> Task description: Each entry below needs to be transcribed verbatim; the images should not appear.

> Source records:
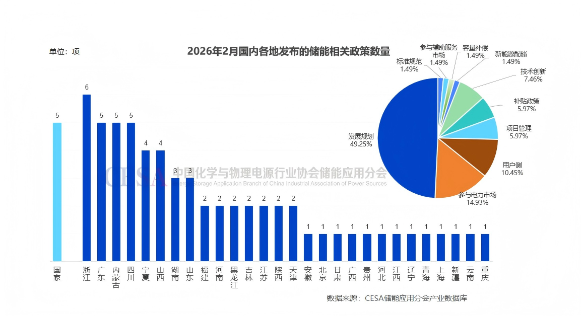 據(jù)CESA儲能應(yīng)用分會產(chǎn)業(yè)數(shù)據(jù)庫不完全統(tǒng)計,2026年2月份共發(fā)布儲能相關(guān)政策67項,國家層面發(fā)布5項,涉及發(fā)展規(guī)劃、參與電力市場、技術(shù)創(chuàng)新、標(biāo)準(zhǔn)規(guī)范等多個方面。
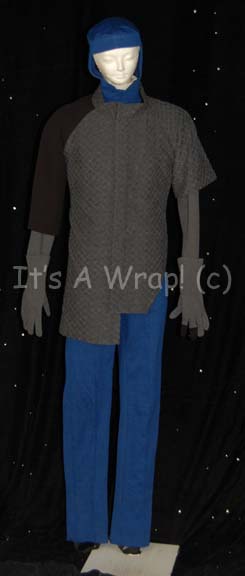 A costume featured in the Star Trek: Voyager episode “Thirty Days”. This costume is for wear by Benjamin Livingston as Deputy Consul Burkus of the Monean Maritime Sovereignty, it consists of a long-sleeved, full-length blue jumpsuit with gray sleeves, a dark-gray, short-sleeved over shirt with a textured diamond pattern and … |
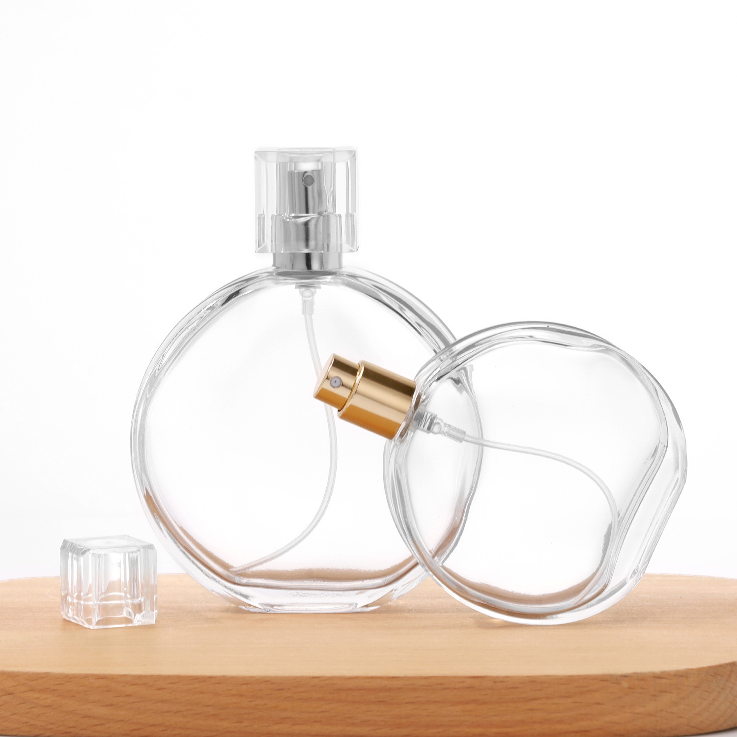 50ml glass bottle + nozzle + lid; transparent; glass
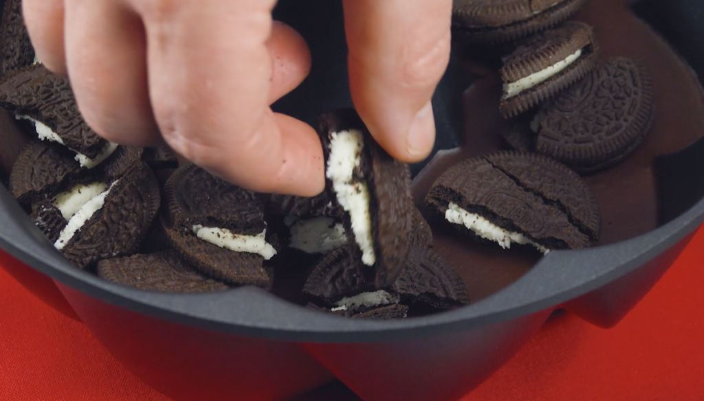 • نقطع بسكويت الأوريو إلى نصفين ونضيفها إلى الخليط المتصلب في القالب
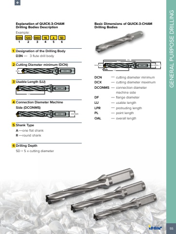 55GENERAL PURPOSE DRILLINGExplanation of QUICK-3-CHAM Drilling Bodies Description Example:D3N 120 - 060 16 A 5D1 2 3 4 5 61 Designation of the Drilling BodyD3N %u2014 3 flute drill body2 Cutting Diameter minimum (DCN) DCN3 Usable Length (LU) LU4 Connection Diameter Machine Side (DCONMS) DCONMS5 Shank TypeA%u2014one flat shankR %u2014round shank6 Drilling Depth5D = 5 x cutting diameterBasic Dimensions of QUICK-3-CHAM Drilling BodiesDCONMSh6 DFOALLPRPLDCN-DCX k7LUDCN %u2014 cutting diameter minimumDCX %u2014 cutting diameter maximumDCONMS %u2014 connection diameter machine sideDF %u2014 flange diameterLU %u2014 usable lengthLPR %u2014 protruding lengthPL %u2014 point lengthOAL %u2014 overall length
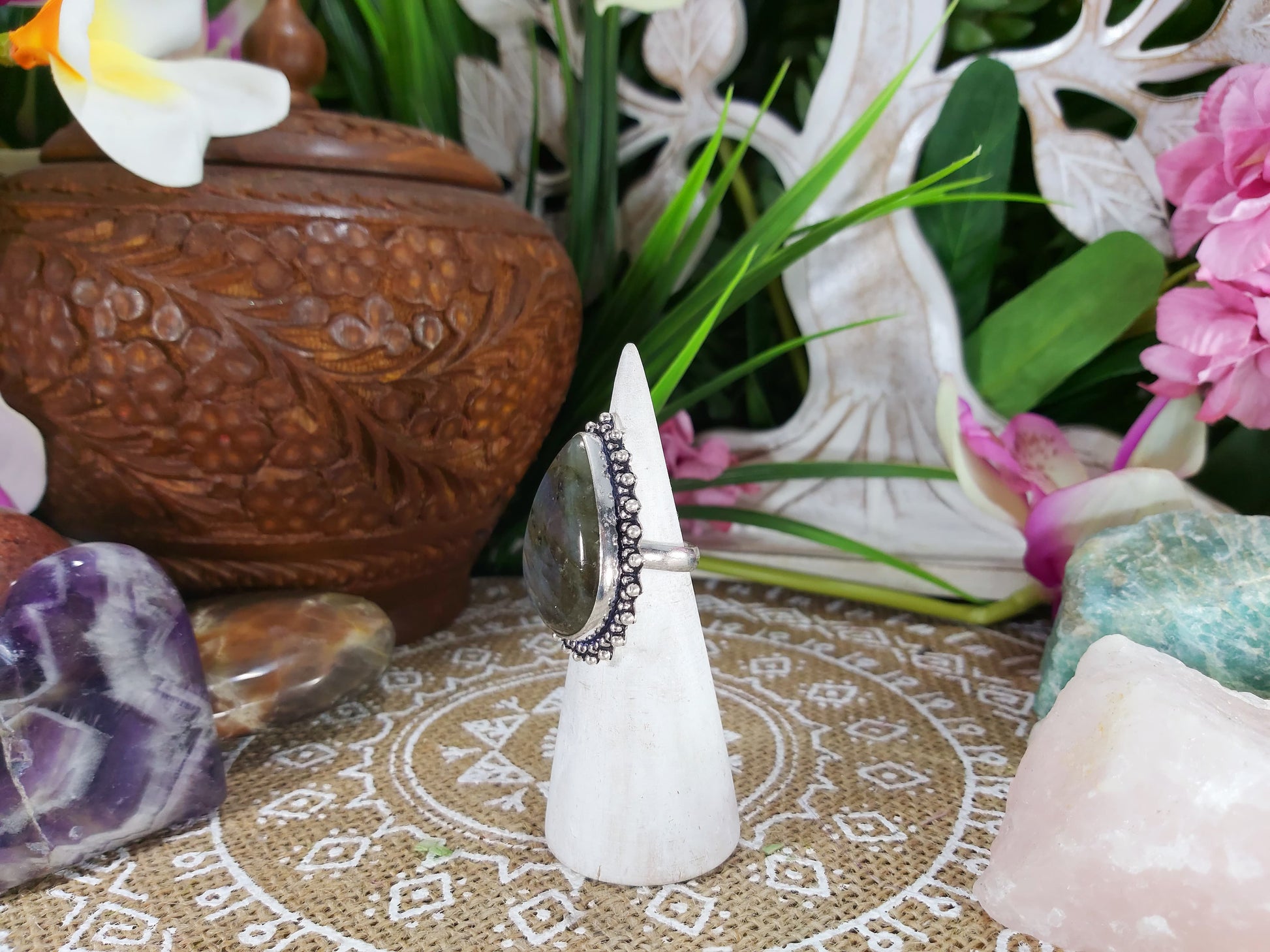 Welcome style and spirituality with this lovely, pretty, and unique Labradorite gemstone ring making the perfect jewellery addition to your outfit for all occasions.
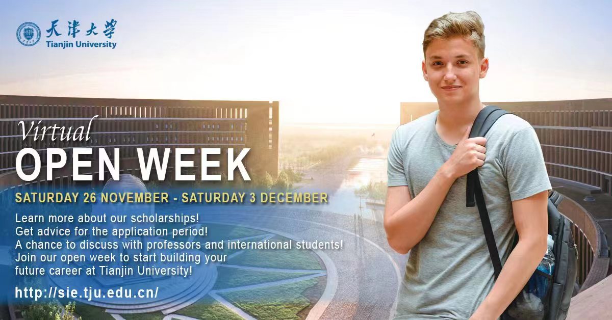 TJU International Virtual Open Week 2023 will start soon from November 26 to December 3. Professors from 14 schools including Chemical Engineering, Civil Engineering, Pharmaceutical Science, Architecture, Intelligence and Computing and more will give a series of online information sessions.It is a perfect way to start building your future career at Tianjin University by joining the virtual open...

> Response area:
 據(jù)CESA儲能應(yīng)用分會產(chǎn)業(yè)數(shù)據(jù)庫不完全統(tǒng)計,2026年2月份共發(fā)布儲能相關(guān)政策67項,國家層面發(fā)布5項,涉及發(fā)展規(guī)劃、參與電力市場、技術(shù)創(chuàng)新、標(biāo)準(zhǔn)規(guī)范等多個方面。
 A costume featured in the Star Trek: Voyager episode “Thirty Days”. This costume is for wear by Benjamin Livingston as Deputy Consul Burkus of the Monean Maritime Sovereignty, it consists of a long-sleeved, full-length blue jumpsuit with gray sleeves, a dark-gray, short-sleeved over shirt with a textured diamond pattern and … |
 50ml glass bottle + nozzle + lid; transparent; glass
 • نقطع بسكويت الأوريو إلى نصفين ونضيفها إلى الخليط المتصلب في القالب
 55GENERAL PURPOSE DRILLINGExplanation of QUICK-3-CHAM Drilling Bodies Description Example:D3N 120 - 060 16 A 5D1 2 3 4 5 61 Designation of the Drilling BodyD3N %u2014 3 flute drill body2 Cutting Diameter minimum (DCN) DCN3 Usable Length (LU) LU4 Connection Diameter Machine Side (DCONMS) DCONMS5 Shank TypeA%u2014one flat shankR %u2014round shank6 Drilling Depth5D = 5 x cutting diameterBasic Dimensions of QUICK-3-CHAM Drilling BodiesDCONMSh6 DFOALLPRPLDCN-DCX k7LUDCN %u2014 cutting diameter minimumDCX %u2014 cutting diameter maximumDCONMS %u2014 connection diameter machine sideDF %u2014 flange diameterLU %u2014 usable lengthLPR %u2014 protruding lengthPL %u2014 point lengthOAL %u2014 overall length
 Welcome style and spirituality with this lovely, pretty, and unique Labradorite gemstone ring making the perfect jewellery addition to your outfit for all occasions.
 TJU International Virtual Open Week 2023 will start soon from November 26 to December 3. Professors from 14 schools including Chemical Engineering, Civil Engineering, Pharmaceutical Science, Architecture, Intelligence and Computing and more will give a series of online information sessions.It is a perfect way to start building your future career at Tianjin University by joining the virtual open...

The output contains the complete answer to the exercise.